Le retour de l’esprit colonial, souvent dénoncé [1], prend des formes diverses. Il y a le registre vengeur, illustré par les nostalgiques de Dien Bien ou les anciens de l’OAS. Il y a le registre raisonnable des politiques, relayés par des intellectuels médiatisés, dénonçant une repentance… que nul ne demande. Il y a, plus sournois, le registre anti-tiers-mondiste (“Voyez ce qu’ils sont devenus depuis que nous sommes partis“).
Voici venue à présent la version exotico-touristique, avec force photos papier glacé représentant des hôtels de luxe, vieilles locos et tractions avant Citroën de ce temps-là.

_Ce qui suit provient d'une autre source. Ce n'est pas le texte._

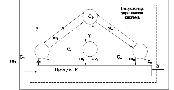 Рис. 5.1Р – процесс (управляющая система) С1…Сn – системы управления нижнего уровня С0 – управляющая система (координатор) m(m(M) - управляющие сигналы (входы) M - множество управляющих сигналов • w(wÎW ) - сигналы входы, представляющие собой внешние возмущения, поступающие из среды у( у( Y) - выход процесса Р У - множество входов процесса Р g(gÎj) - координирующий сигнал Zi - множество информационных сигналов (сигналов обратной связи). Тогда в системе выполняются следующие соотношения в виде отображения P: M x W ® Y; Ci: j x Zi ®Mi; C0:V®j; ¦i : M x W x Y® Zi; ¦0 : j x Z x M® w С учетом полученных отображений можно записать уравнение функции взаимодействия подпроцессов K(m, w)=H(m,P(m, w)) P(m, w)=(m,k(m, w),w) Взаимосвязь между процессом Р и "развязанными" подпроцессами, представленными блоком Р и связующими функциями показана на рис.5.2.

La revue Désirs de Voyages, Arts de vivre et adresses secrètes, consacre son n° 6 (mars-avril 2008) à l’Indochine. Oui, cette Indo perdue, dont on ressuscite à l’occasion le nom, comme on ressort des tiroirs, dans la même livraison, la Cochinchine et le Tonkin. Quand on sait ce qu’a coûté aux pays de la région de larmes, de sang et de sueur le simple droit de s’appeler Vietnam, Laos et Cambodge, on reste confondu devant tant d’inconscience. Rappelons donc que l’Indochine, création française, est morte (du moins dans son acception politico-administrative) depuis 1954… Cinquante-quatre ans, deux générations... oh, si peu de choses.
En couverture, un titre, « De Dalat à Hanoï, voyage fascinant en Indochine », se détache sur une photo représentant un jeune bonze sur fond de fleuve aux couleurs ocrées et de montagnes embrumées. On a échappé de peu au coucher de soleil. L’éditorial de la directrice de la rédaction, Anne Lefèvre, est de la même veine, malgré la prudence des formules : « L’Indochine, qui regroupait le Vietnam, le Laos et le Cambodge, balade depuis la fin du 19 è siècle, un gracieux parfum de France. Nostalgie de l’époque ? Certainement pas pour les Vietnamiens ». On a eu peur que l’auteure oublie de le souligner. Mais « ce qui ne les empêche pas de considérer, parfois, ces années coloniales, ou plutôt ce qu’il en reste, comme faisant partie de leur patrimoine architectural et touristique. Ce patrimoine constitue aujourd’hui, pour certains d’entre eux, le nec plus ultra de l’exotisme et de la branchitude ! A Dalat, par exemple, la station la plus huppée du Sud-Est asiatique, on venait du temps de la Cochinchine se rafraîchir à 1.400 m. d’altitude, durant la période humide d’avril à octobre. La chute de Dien Bien Phu et les années de plomb du communisme ont eu raison de cet engouement. Mais, épargnée par la guerre, la région renaît depuis que le “Dalat Palace“ a rouvert en gardant le style des années 40. Certaines rues ont conservé des noms français ». Oui, bien sûr : ceux de savants, de médecins, qui ont honoré là-bas la France, et les Vietnamiens, conservant ces noms, ont prouvé qu’ils ne confondaient pas tout. Mais l’auteure aurait pu préciser que ni Jules Ferry, ni Albert Sarraut, ni aucun militaire n’ont, heureusement, laissé ce type d’empreinte. Continuons : « Le Marché central est toujours aussi animé. On y trouve des petits pois, des haricots et des carottes qui sentent bon la jardinière… ». C’est bien connu, le nuoc mam, lui, sent horriblement mauvais. « Et le quartier français, avec ses terrasses de café, est “the place to be“ pour les jeunes Vietnamiens… La boucle est bouclée. C’est une révolution… ».
Vient enfin un article de Franc Nichele intitulé « Un parfum d’Indochine », qui, « de la station d’altitude de Dalat, en Cochinchine, jusqu’à Hanoï, dans le Tonkin, en passant par les splendides ruines d’Angkor », propose un « voyage dans le souvenir de ces années coloniales au parfum de France et de nostalgie. »
Ça fait vendre du papier glacé ? C’est bien ce qui est grave. Ça fait venir des touristes ? Hélas ! Ça se fait avec l’accord ou la complicité de certaines autorités vietnamiennes ? Hélas ! Hélas ! Hélas !
Mais ces constatations ne peuvent nous dispenser de poser la question à nos journalistes : que diraient-ils si d’anciens occupants de la France publiaient un tel reportage exaltant… le parfum d’Allemagne et de nostalgie ? (sans établir le moindre parallèle entre les systèmes : c’est de l’esprit qu’il s’agit).
Inconscience, avons-nous écrit. Le pire est que ce n’est sans doute même pas du cynisme.